I watched the entire movie Forgetting Sarah Marshall before I realized it was in Spanish.
i saw like six of her guido cousins in the jersey shore trailer alone. her family is having a dinner party for the premiere tonight.
sorry for covering your dog in whipped cream. his bark made it sound like he wanted it.
His shopping cart was nothing but malt liquor and zucchini.

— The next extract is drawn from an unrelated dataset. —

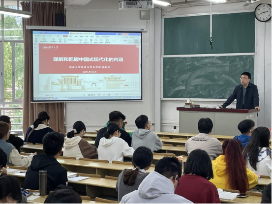 祝树金讲授《理解和把握中国式现代化的内涵》专题党课。他从中国式现代化的历史演进、基本特色、战略安排以及本质要求等方面展开介绍。他强调,学员们要认真学习领会党的二十大精神,结合专业和政策深入学习,为全面建设社会主义现代化国家、全面推进中华民族伟大复兴而团结奋斗。
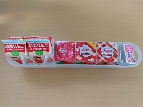 子どものおやつとして人気の高い一口ゼリーは、袋から出してセリアのミニドリンクストッカーに収納しよう。一目で味の種類が確認できて便利である。

He told me he was in a Proactive commercial. It didn't seem to work for him but he was buying me shots so I slept with him anyways.
I look like a zombie and smell like a stripper. Its gonna be a good day.
You told me to remind you that the bruise on your ass is from when you danced on the table at Ziggy's, saw a cop and tried to 'fly away'.
An don't say it's "personal preference" cause I don't buy it. I just want to have normal cool guy balls. I don't want to be the dude that's still rocking the equivalent of the "mid 90's bowl cut" of scrotum haircuts.
I also just told a guy I was available for counseling in case he needed to 'bang' things out. I've become a monster.
Just witnessed a fat waitress doing whipits in the back of a waffle house.. my life seems a little brighter..
I would really just like to get laid somewhere that's not on a bathroom floor at this point in my life
You haven't lived until you've thrown up naked in a hotel room in Fargo while holding your breasts so they don't touch the toilet bowl.
HE PEED ON ME. THE MANAGER OF THE BAR.
Sitting in my junior high parking lot high on ambien talking to a stranger I met on tinder. What is life?
OMG. When you threw the used condom on your floor you threw it in my purse!!! I just went to grab my headphones and it was stuck to them!